Quelques mois plus tard, cela recommence. Le claquement est certes moins fort, mais il se faisait tout de même entendre. Maniaque, je le ramène à l'Apple Store. Là le technicien me dit que ce n'est qu'un "problème cosmétique". _Certes, mais le cosmétique est important chez Apple, non ?_ Là, il a donc accepté de le prendre en charge. Ils ont juste trifouillé la charnière, sans remplacement de matériel.

Tout ça pour dire que le changement d'écran s'est avéré inutile (en plus, je me suis retrouvé avec une dalle jaune :x) et qu'il faut insister auprès des techniciens pour qu'ils considèrent ça comme un problème.
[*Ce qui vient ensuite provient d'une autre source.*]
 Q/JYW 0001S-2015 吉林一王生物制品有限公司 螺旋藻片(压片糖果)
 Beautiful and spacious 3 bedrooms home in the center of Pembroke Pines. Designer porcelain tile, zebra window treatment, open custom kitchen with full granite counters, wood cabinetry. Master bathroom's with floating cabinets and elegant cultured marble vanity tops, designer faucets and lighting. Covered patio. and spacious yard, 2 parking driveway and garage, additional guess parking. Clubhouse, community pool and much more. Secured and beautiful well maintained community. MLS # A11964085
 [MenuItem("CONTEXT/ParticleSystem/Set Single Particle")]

Concernant l'écran décalé, j'ai remarqué que beaucoup de Macbook avaient cette partcularité. A priori ça n'est pas trop gênant, par contre il faut vérifier que s'il y a un décalage est dans la profondeur, que le bord de l'écran ne touche pas le sol (afin d'éviter des rayures). Si le décalage est trop important (et que, comme vous êtes maniaque, ça vous fait ch***, ce qui peut se comprendre) un petit tour à l'AS devrait résoudre ça.
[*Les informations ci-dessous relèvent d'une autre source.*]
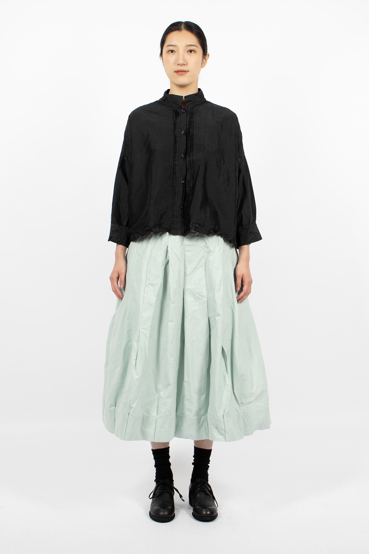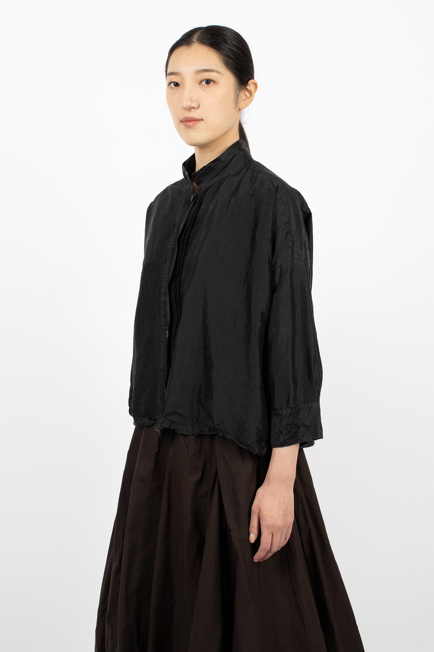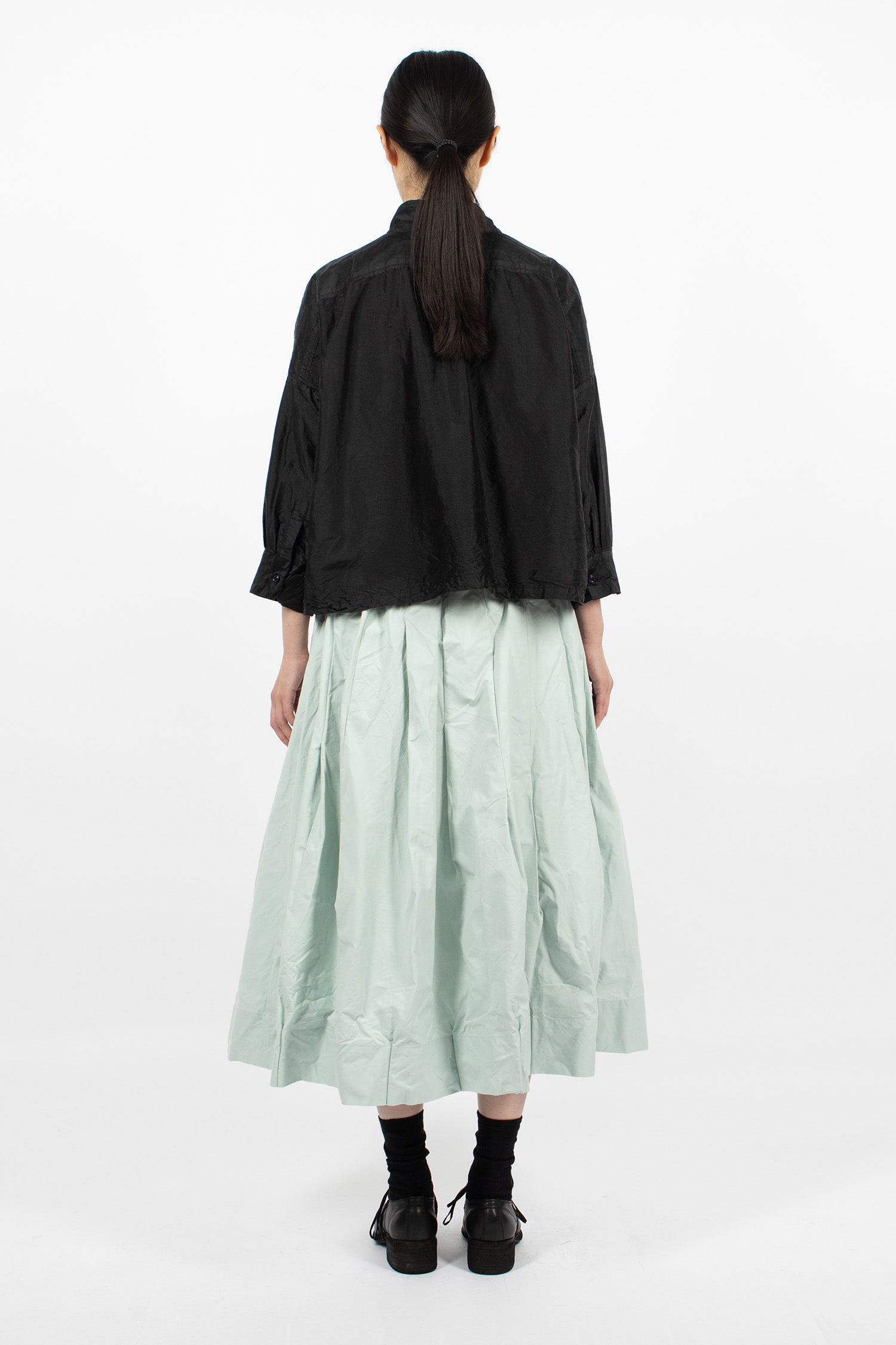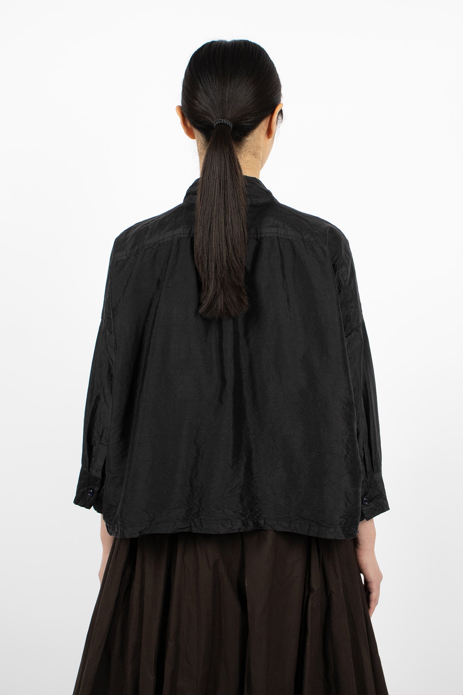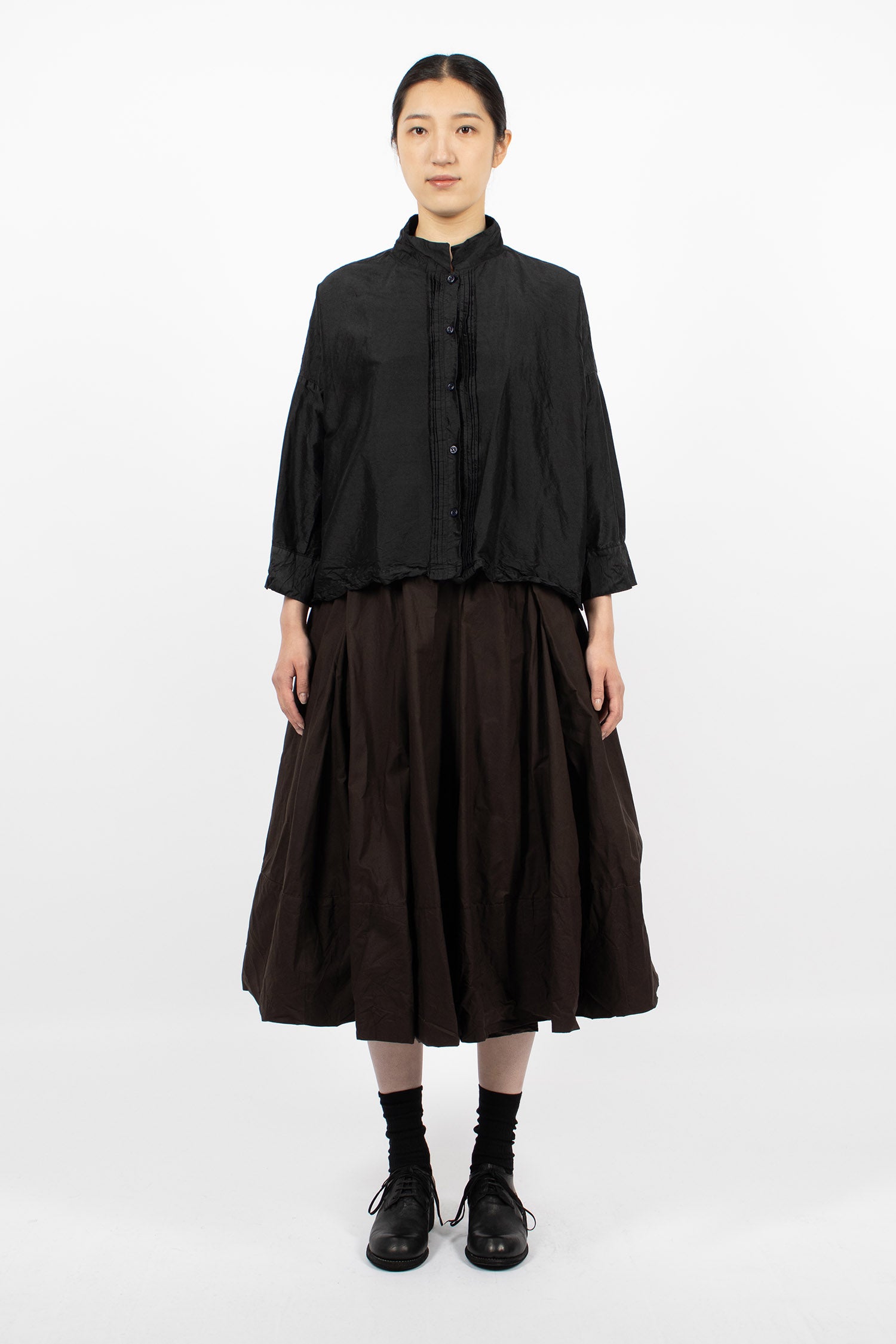 Ricorrrobe Elena dress in black silk. Button front fastening, long sleeves. Stitched detail through upper body, full skirt with pull cord details. Neat fit.
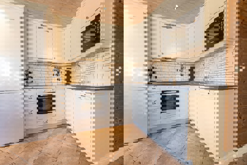 Køkken: Enheden har komfur med ovn, opvaskemaskine, mikrobølgeovn, køleskab, fryser.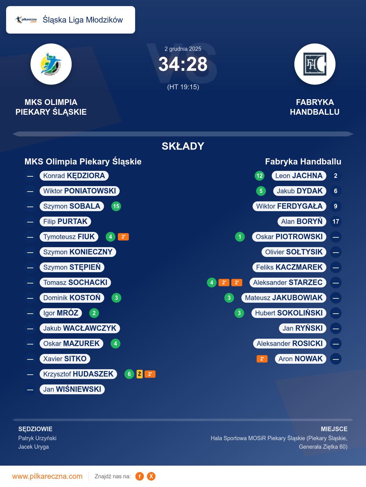 Sędziowali: Patryk Urzyński, Jacek Uryga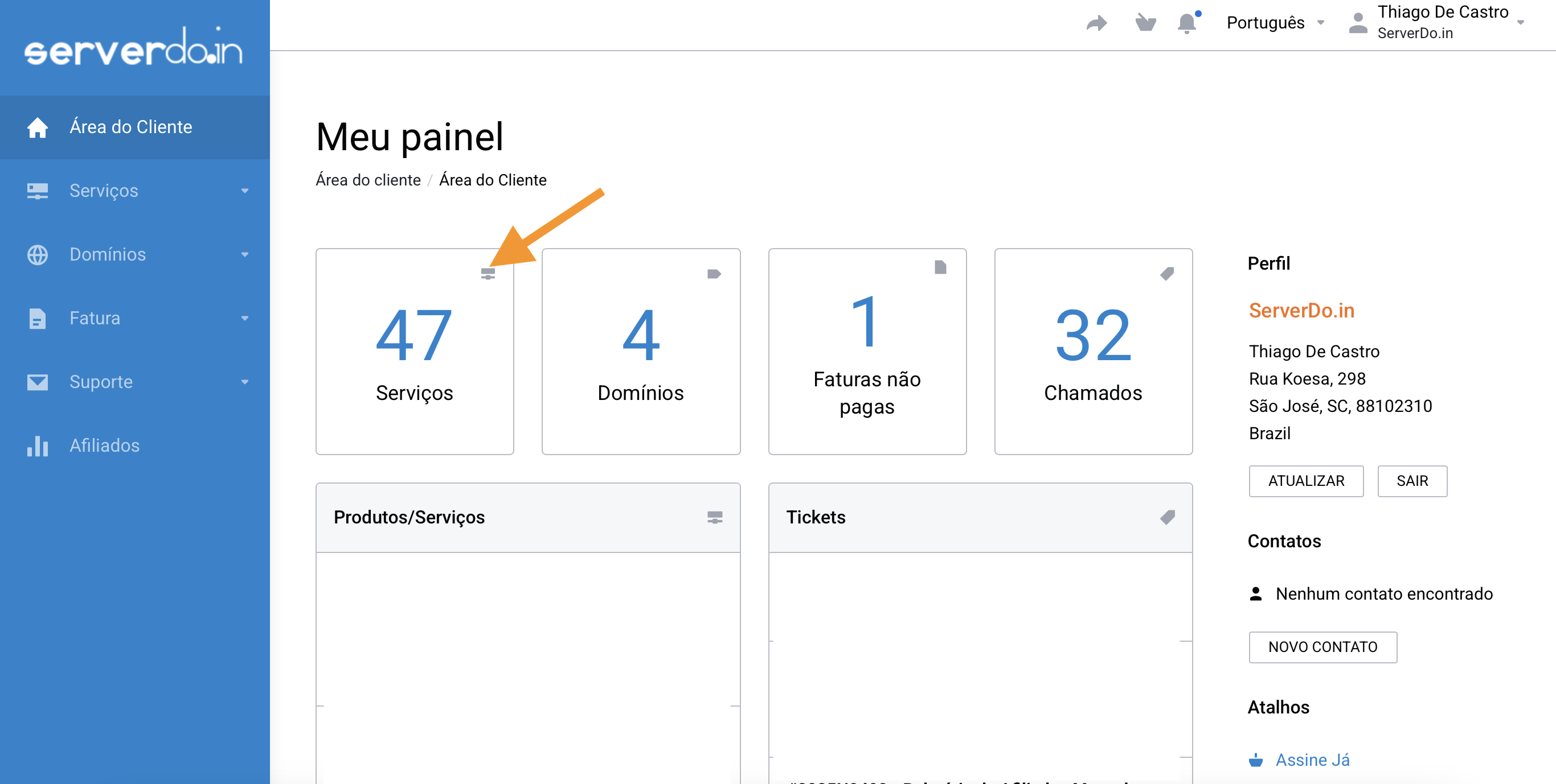 “Serviços > Meus Serviços”

 ATTENTION TOUTEFOIS : si votre machine part en réparation pour ça, faites bien attention de vérifier à l'Apple Store, une fois la réparation effectuée, que les connexions sans fil sont fonctionnelles, ainsi que la webcam ! Je me suis fait avoir une fois en récupérant ma machine, et lorsque je suis arrivé à la maison, la carte wi-fi n'était plus reconnue...

Bonne chance avec votre Mac !


----------



## softdrinker (2 Janvier 2012)

Bon voila je suis passé a iconcept, pb de charnière qui claque réglé : un peu d'huile et la charnière etait vissée trop serrée 
J'espère que le pb ne reviendra pas ! Ils m'ont remis l'ecran a sa place !
Donc problème résolu ! 
Merci a tous de vos conseils et de vos retour d'experience !


----------



## Pascal_TTH (2 Janvier 2012)

softdrinker a dit:


> Voilà les images de mon macbook pro :
> 
> A l'Arrière du macbook pro :
> 
> ...


 
Le truc noir, c'est pas la charnière, c'est un bête cache en plastique. Voir iFixit pour voir ce qu'est réellement la charnière.


----------



## Cyrillo77 (18 Mars 2013)

moi idem gros craquement + couinement et décalage quand on referme l'écran.
j'étais passé une fois pour le couinement on m'avait dit normal maintenant j'ai un craquement, hors de question que je reparte sans qu'on règle ce problème. le truc avec APPLE c'est que parfois ils peuvent faire le réglage sur place alors quand c'est une pièce à changer ça peut être long, on paye  AC à 300euros c'est pas pour entendre dire "tout est normal" ça craque ça couine vous inquiétez pas après votre AC votre apple care l'écran va casser et faudra encore raquer pour la réparation ou mieux racheter un nouveau mac à 2500euros.


----------



## Cyrillo77 (8 Avril 2013)

écran changé dans le cadre de l'apple care, ne vous laissez pas faire, vous mettez le prix, ne soyez pas des moutons.....


----------